=== ABOUT THIS EXERCISE ===
Shown below is a listing with pictures; reproduce exactly, and only, the lines between the ones containing "с использованием программы Volvo Tech Tool." and "Ministerka pôdohospodárstva a", inclusive, leaving the pictures out.

=== EXTRACTED INFORMATION ===
Start of Block

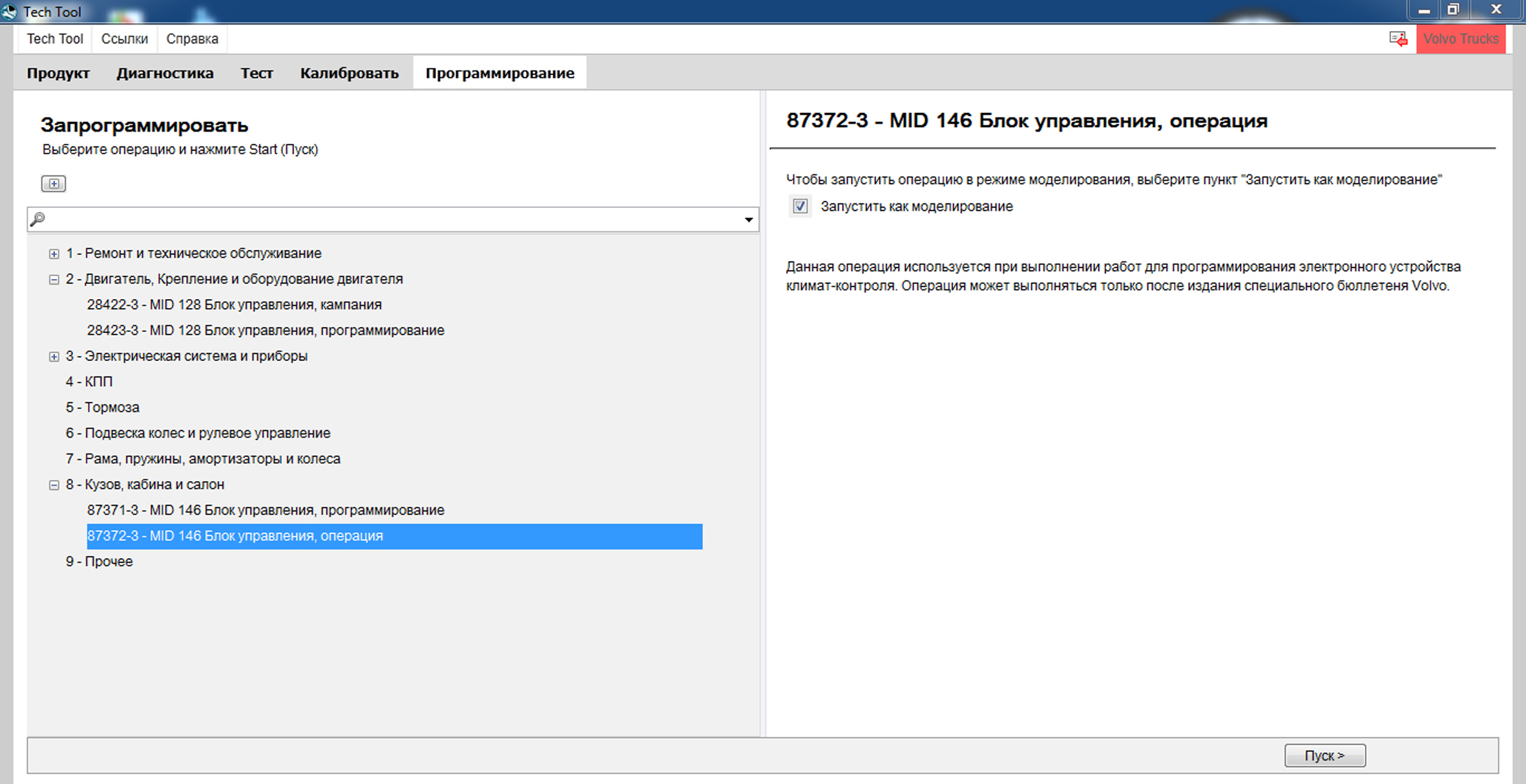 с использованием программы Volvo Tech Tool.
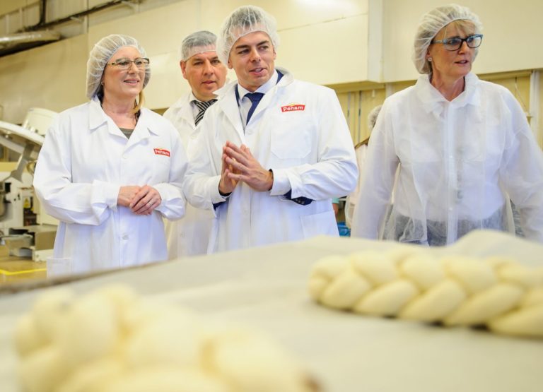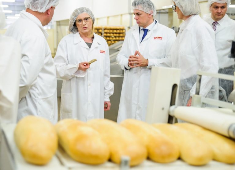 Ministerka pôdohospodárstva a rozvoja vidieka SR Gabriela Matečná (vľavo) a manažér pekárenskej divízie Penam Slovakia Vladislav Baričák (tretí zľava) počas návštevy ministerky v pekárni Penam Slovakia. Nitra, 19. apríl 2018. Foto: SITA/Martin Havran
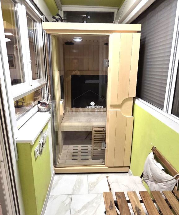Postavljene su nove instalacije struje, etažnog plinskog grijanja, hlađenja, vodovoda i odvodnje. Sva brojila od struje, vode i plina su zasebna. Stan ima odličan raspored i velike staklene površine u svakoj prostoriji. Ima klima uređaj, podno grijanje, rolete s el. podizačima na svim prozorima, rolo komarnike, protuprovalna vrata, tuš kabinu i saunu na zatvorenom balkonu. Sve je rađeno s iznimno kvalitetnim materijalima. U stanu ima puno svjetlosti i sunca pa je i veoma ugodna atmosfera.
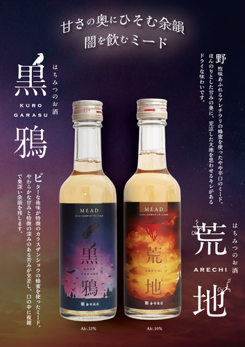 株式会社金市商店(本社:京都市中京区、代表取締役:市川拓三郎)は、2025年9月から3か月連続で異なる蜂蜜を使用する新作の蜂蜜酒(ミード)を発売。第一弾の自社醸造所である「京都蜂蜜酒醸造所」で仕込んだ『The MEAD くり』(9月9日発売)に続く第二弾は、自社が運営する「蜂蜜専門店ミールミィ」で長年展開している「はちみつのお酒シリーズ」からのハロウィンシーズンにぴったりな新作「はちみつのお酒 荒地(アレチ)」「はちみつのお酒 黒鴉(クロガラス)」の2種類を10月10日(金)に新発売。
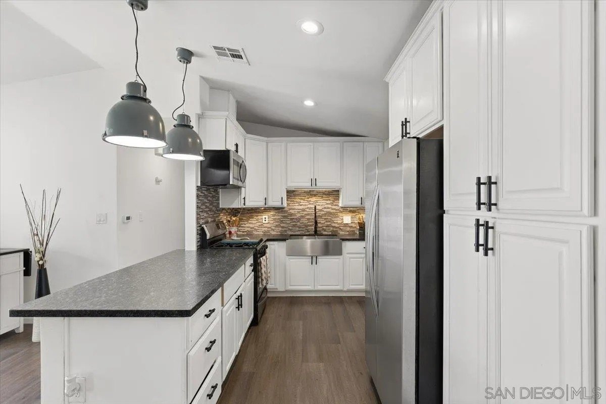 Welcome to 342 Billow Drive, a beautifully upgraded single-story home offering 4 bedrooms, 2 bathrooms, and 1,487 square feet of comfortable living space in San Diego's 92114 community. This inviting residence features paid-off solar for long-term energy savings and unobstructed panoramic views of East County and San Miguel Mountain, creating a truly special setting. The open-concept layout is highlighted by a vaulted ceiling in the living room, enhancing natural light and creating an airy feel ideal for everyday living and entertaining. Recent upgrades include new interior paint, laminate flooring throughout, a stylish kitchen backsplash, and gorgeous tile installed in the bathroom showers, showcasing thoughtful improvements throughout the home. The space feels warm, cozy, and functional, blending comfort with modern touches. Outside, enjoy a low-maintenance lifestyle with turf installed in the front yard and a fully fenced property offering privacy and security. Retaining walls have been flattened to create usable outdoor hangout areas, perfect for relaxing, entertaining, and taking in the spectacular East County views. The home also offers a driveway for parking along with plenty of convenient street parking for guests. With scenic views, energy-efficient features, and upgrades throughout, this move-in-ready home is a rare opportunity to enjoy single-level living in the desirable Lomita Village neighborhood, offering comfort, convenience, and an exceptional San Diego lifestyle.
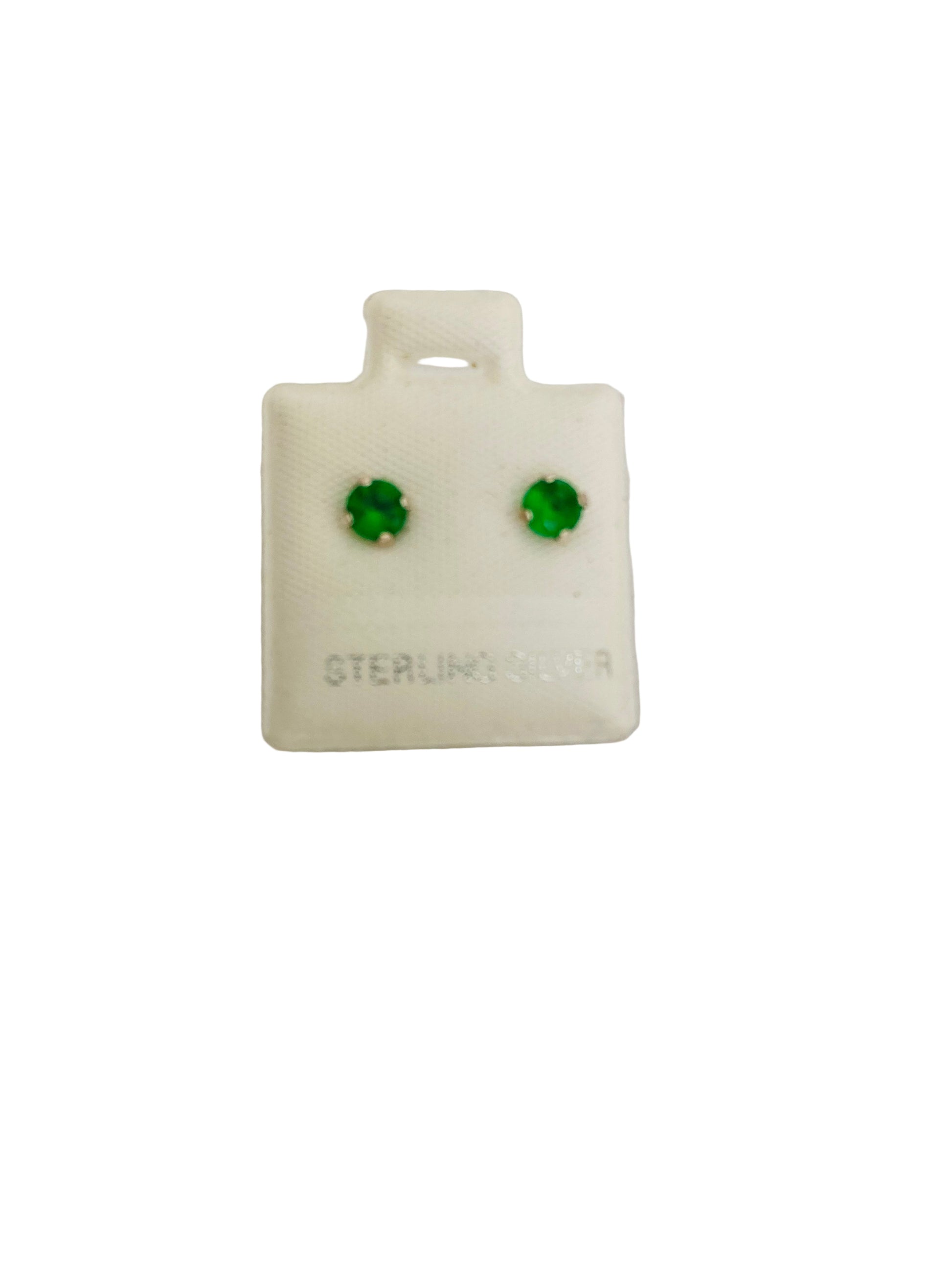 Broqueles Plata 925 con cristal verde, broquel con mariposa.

End of Block
Start of Block

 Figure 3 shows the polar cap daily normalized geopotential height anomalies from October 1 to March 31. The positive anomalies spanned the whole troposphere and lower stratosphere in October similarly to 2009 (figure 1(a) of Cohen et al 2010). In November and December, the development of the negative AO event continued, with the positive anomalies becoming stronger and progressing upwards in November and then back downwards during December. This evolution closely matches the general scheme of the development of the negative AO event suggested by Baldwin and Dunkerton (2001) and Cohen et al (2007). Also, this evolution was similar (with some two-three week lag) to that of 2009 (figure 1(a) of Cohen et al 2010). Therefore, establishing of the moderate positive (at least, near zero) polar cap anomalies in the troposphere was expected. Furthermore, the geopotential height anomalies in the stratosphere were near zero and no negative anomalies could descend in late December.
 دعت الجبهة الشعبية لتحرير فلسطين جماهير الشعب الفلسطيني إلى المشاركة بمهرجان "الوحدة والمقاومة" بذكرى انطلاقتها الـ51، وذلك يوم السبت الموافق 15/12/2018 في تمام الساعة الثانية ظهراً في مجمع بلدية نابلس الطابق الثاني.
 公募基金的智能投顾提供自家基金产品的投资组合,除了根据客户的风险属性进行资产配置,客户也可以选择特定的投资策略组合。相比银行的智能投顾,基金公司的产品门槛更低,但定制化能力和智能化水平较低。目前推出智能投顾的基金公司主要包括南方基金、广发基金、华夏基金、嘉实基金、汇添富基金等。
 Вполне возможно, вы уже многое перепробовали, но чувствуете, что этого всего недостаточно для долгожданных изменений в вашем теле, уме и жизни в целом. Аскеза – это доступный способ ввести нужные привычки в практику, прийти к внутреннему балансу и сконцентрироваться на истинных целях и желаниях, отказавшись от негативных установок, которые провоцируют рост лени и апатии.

End of Block

=== RESULT OF THIS TASK ===
 с использованием программы Volvo Tech Tool.
 Ministerka pôdohospodárstva a rozvoja vidieka SR Gabriela Matečná (vľavo) a manažér pekárenskej divízie Penam Slovakia Vladislav Baričák (tretí zľava) počas návštevy ministerky v pekárni Penam Slovakia. Nitra, 19. apríl 2018. Foto: SITA/Martin Havran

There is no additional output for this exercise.